Reply to “Comments on ‘An Evaluation of Hurricane Superintensity in Axisymmetric Numerical Models’”

Abstract

© 2020 American Meteorological Society. For information regarding reuse of this content and general copyright information, consult the AMS Copyright Policy (www.ametsoc.org/PUBSReuseLicenses). We concur with Makarieva et al. that in our earlier work on the hurricane differential Carnot cycle, we neglected the work done in lifting water and the dissipation of kinetic energy in the outflow (we explicitly acknowledged neglecting these terms). Here, we relax those assumptions, affirm the conclusion of Makarieva et al. that the water lifting term is small, and show that the effect of outflow dissipation is negligible. We remind readers that the differential Carnot theory is not a closed theory for potential intensity as it does not specify the outflow temperature or the boundary layer moist enthalpy at the radius of maximum winds.
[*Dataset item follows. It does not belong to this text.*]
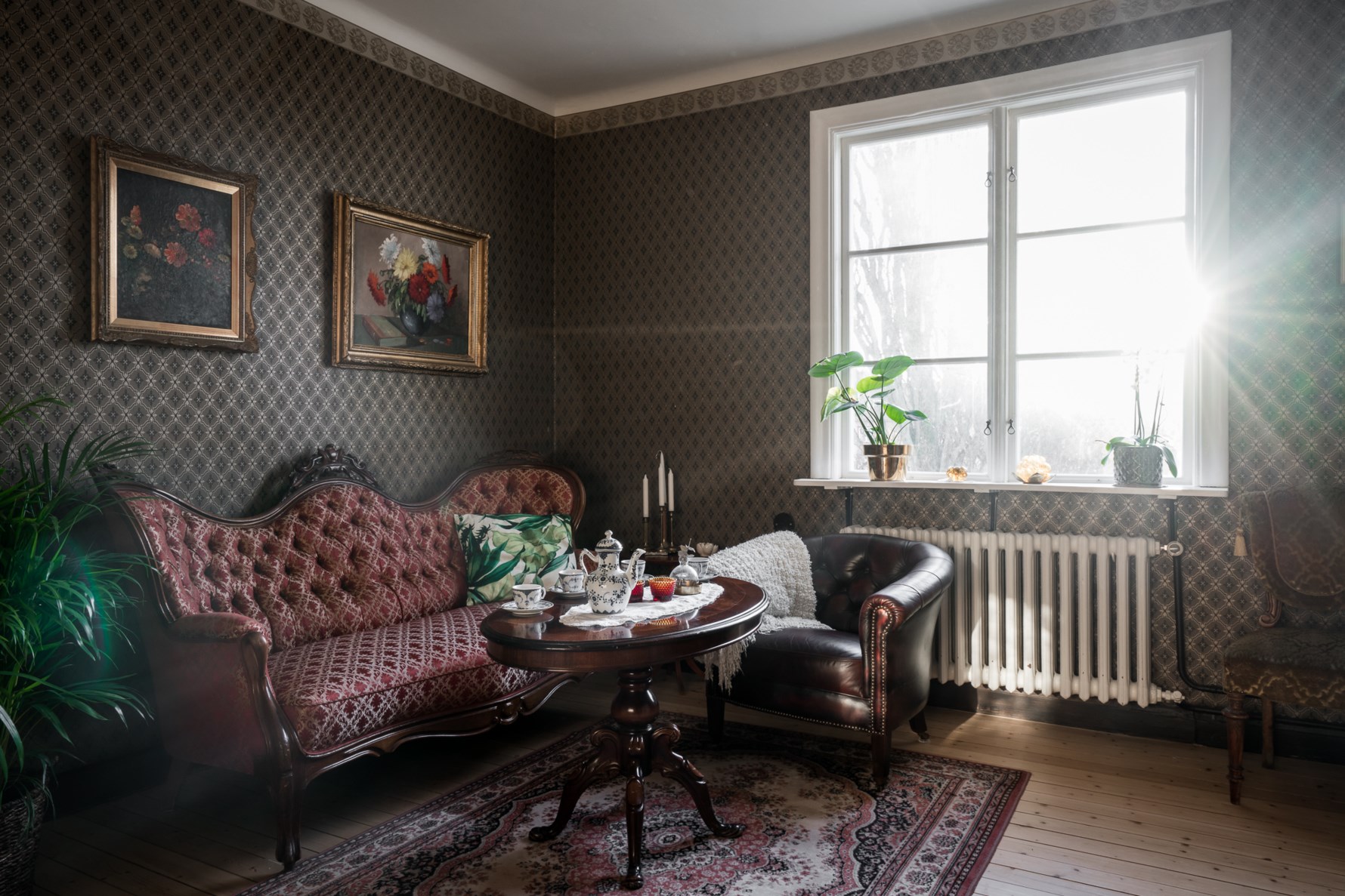 Från hallen finner man vardagsrummet. Lägenheten renoverades varsamt 2017-18 och ytskikten är perfekt skapade för bästa känsla av en resa bak i tiden. Det gedigna originalbrädgolvet i samband med de mörka tapetserade väggarna gör detta till en harmonisk plats för umgänge. Då vardagsrummet är rymligt har man möjlighet att möblera med både soffgrupp och extra kontorshörna, läsfåtölj eller varför inte med ett matsalsbord. Skönt ljusinsläpp.

The addition of enthalpy to the inflow can raise the boundary layer enthalpy, reducing subsequent surface fluxes, regardless of whether that addition comes from surface fluxes themselves or from dissipative heating. We show that while this may indeed reduce the effect of dissipative heating, it does not eliminate it. We disagree with Makarieva et al.'s assertions that dissipative heating does not increase potential intensity and that only latent heat fluxes can drive tropical cyclones when dissipative heating is included.